The inspector judged that the design of the properties was not intrinsically poor but held that it would not integrate suitably with its context. Consequently, he found that the development would appear as an overbearing and discordant feature to the detriment of the street scene and the significance of the non-designated heritage asset.

Section 4.3736 of DCP Online addresses the topic of emerging conservation areas.

A second bite of the cherry

An interesting point concerning the “second bite” provision of the Act has arisen in an appeal concerning an enforcement notice directed at the excavation of a trench at a house in Oxfordshire (DCS Number 400-019-599).

The inspector recorded that Section 171B(4)(b) of the Act provides for the taking of “further” enforcement action in respect of any breach of planning control within four years of previous enforcement action (or purported action) being taken in respect of the same breach. This is known as the “second bite” provision.

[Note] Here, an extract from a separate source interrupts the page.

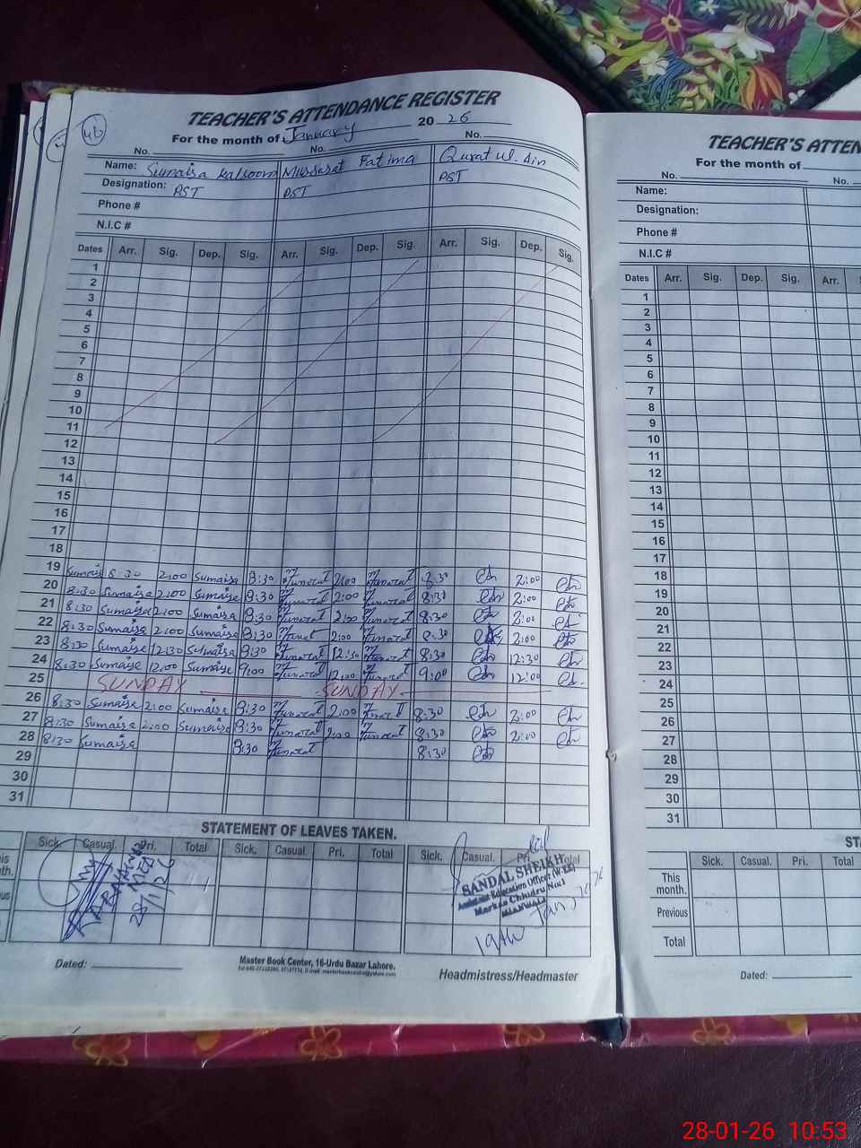 | Name: SU**** KA**** Designation: (School Headmaster's/Headmistress's) PST Phone/Cell Number: 03**** |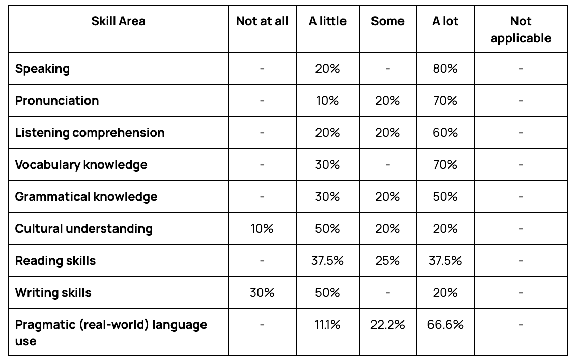 La expresión oral fue el área en la que se percibieron mayores avances, ya que el 80 % de los estudiantes informó haber mejorado «mucho». La pronunciación, el conocimiento del vocabulario, la comprensión auditiva y el uso pragmático del lenguaje también arrojaron resultados muy positivos. La comprensión cultural, la lectura y la escritura registraron avances más modestos, lo que refleja el enfoque principal del programa en la comunicación oral.

An enforcement notice had been issued by the council in December 2016 but had subsequently been withdrawn. The council claimed that the appeal notice, which was identical in its terms to the earlier notice, was issued under the “second bite” provisions of Section 171B(4)(b). The appellants disputed that it was a “second bite” notice, since the first notice was not one that had proved to be defective. The reason for its withdrawal, they said, was that it had not been properly served. As such, they argued, the first notice was a nullity and Section 171B(4)(b) would not operate so as to displace the normal four-year period for enforcement which had accrued by the time the second notice was issued.

The inspector found it unclear whether or not the council accepted that there was some defect in service but found it of little consequence as Section 171B(4)(b) engages when enforcement action is “taken”, and Section 171A(2)(a) makes clear that the point at which enforcement action is “taken” is at the “issue” of the notice, not its service. On the “nullity” point, she recorded that the courts (R (oao Lambrou) v SSCLG [2013]) have taken a liberal view as to the meaning of “purported to take enforcement action”. She reasoned that to take a more restrictive view would be to defeat the purpose of Section 171B(4) which is to provide a local planning authority with a further opportunity to enforce in cases where a notice does not run its course because of some defect or for some other reason. She determined that in the appeal case, even if the notice had been found invalid because of some failure in service, the council had nevertheless “purported” to take enforcement action in respect of the breach to which the second notice was directed when applying a liberal interpretation. The second bite provisions would still have been available, she decided.

The inspector concluded that the appeal notice was a “second bite” notice falling within the provisions of Section 171B(4)(b) and that it followed well within a period of four years from the issuing of the first notice. It was therefore not too late to take enforcement action.

There is further information about the second bite provision at section 4.5354 of DCP Online.